Quinn “reminds us that one heart with courage is a majority,” Sheen said Sunday, repeating one of his often-evoked speech lines.

Then Sheen, who portrayed the president on the NBC series “The West Wing,” launched into a jeremiad reminiscent of a script from that show.

“We search for something in our lives worth fighting for,” Sheen said, drawing a parallel with Quinn’s advocacy of a minimum wage increase. “Because when we find it, we will have found a way to unite the will-of-the-spirit with the work of the flesh. And the world will discover fire for the second time.”

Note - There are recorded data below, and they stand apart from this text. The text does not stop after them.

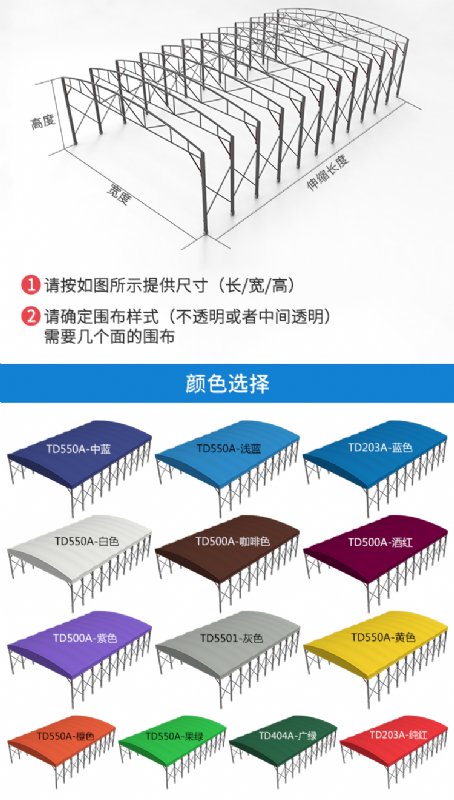 用途:品质优良,在强烈阳光下不会脱色,跨度可做到20M中间不用加柱子,适用于工厂临时仓库,大排档,物流出货,商铺挡雨,汽车防晒,大型活动场所厂等起到非常好的遮阳、挡雨、装饰的效果。
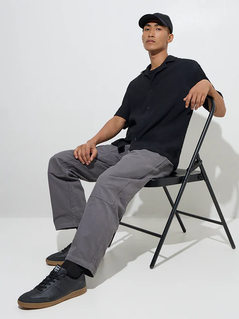 Nuon Black Self-Textured Relaxed-Fit Shirt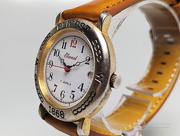 Orologio Elwest 1868 a carica manuale, modello del 1988, in pieno periodo Paninaro. A differenza dell'originale Winchester 1866 con movimento economico al quarzo, il marchio Elwest dotava il proprio clone di un movimento meccanico ZLM 2650 a carica manuale a 17 rubini, che funziona molto bene avendo una amplitudine di oltre 290 gradi. Il suo cinturino non è presente ma l'ho dotato di nuovo cinturino in vero cuoio, stesso colore ma molto più attuale per poterlo utilizzare ogni giorno. La cassa si presenta in ottimo stato con leggerissimi segni sul vetro minerale visibili solo in forte controluce. Davvero un pezzo di storia degli anni 80 con un cuore meccanico migliore dell'originale Winchester 1866 al quarzo. 37x42x9 mm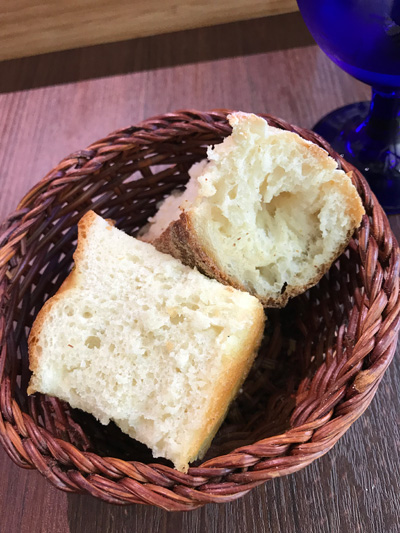 ランチには、まずオリーブオイルを添えた自家製パンが付きます。カンパーニュとフォカッチャと見ました。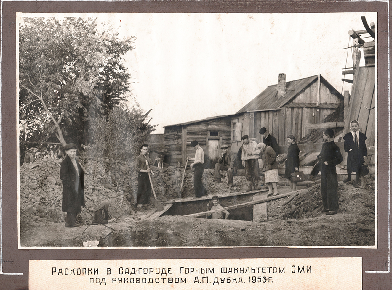 А.П. Дубок (сидит) на раскопках. 1953 г.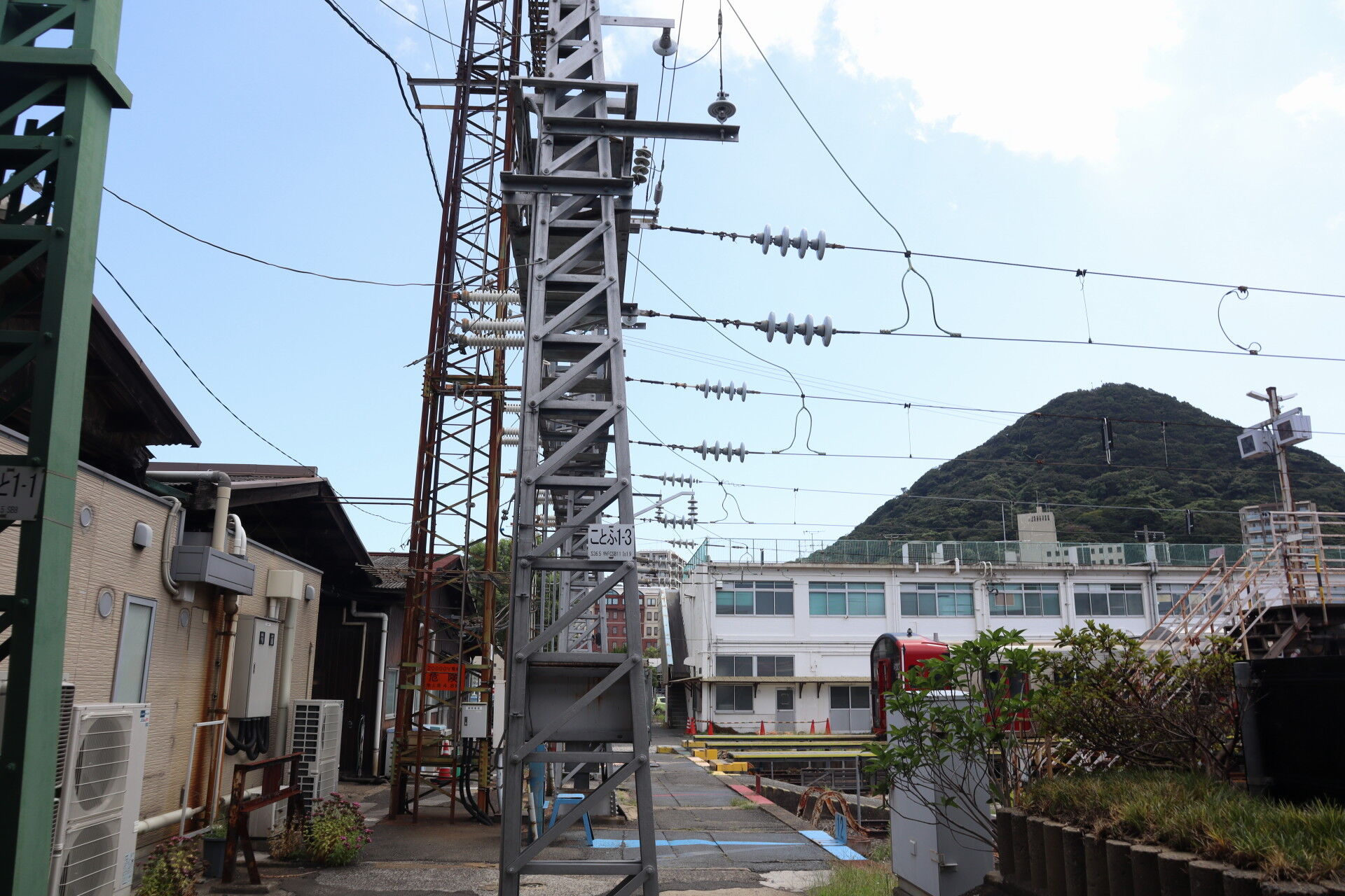 駅の隣は電留線。交流電化ゆえか碍子がゴツいです。

Sheen later said he and Quinn have been friends for several years. He also called Quinn “one of my heroes,” citing Quinn’s signing of a law that abolished the death penalty in Illinois. That law came after a lengthy moratorium on the practice, put in place by former Republican Gov. George Ryan.

Since Quinn signed the law, the two have bonded over “the fight for social justice,” said Sheen, who added that Quinn is “in a tough fight, but he’s going to win.”

On Sunday, Mike Schrimpf, a spokesman for Rauner, ridiculed Quinn’s minimum wage referendum.

“Here’s the bottom line: Bruce has a plan to raise the minimum wage and Pat Quinn doesn’t,” Schrimpf said, alluding to the fact that the referendum is an advisory measure that is non-binding even if passed.

Schrimpf said Rauner has a plan to raise the minimum wage. But the details are vague, calling for workers’ compensation and tort reforms, without delving into specifics. Rauner’s plan also does not stipulate how high he would raise the minimum wage. Earlier in his campaign, Rauner waffled on the issue, saying he favored lowering the wage.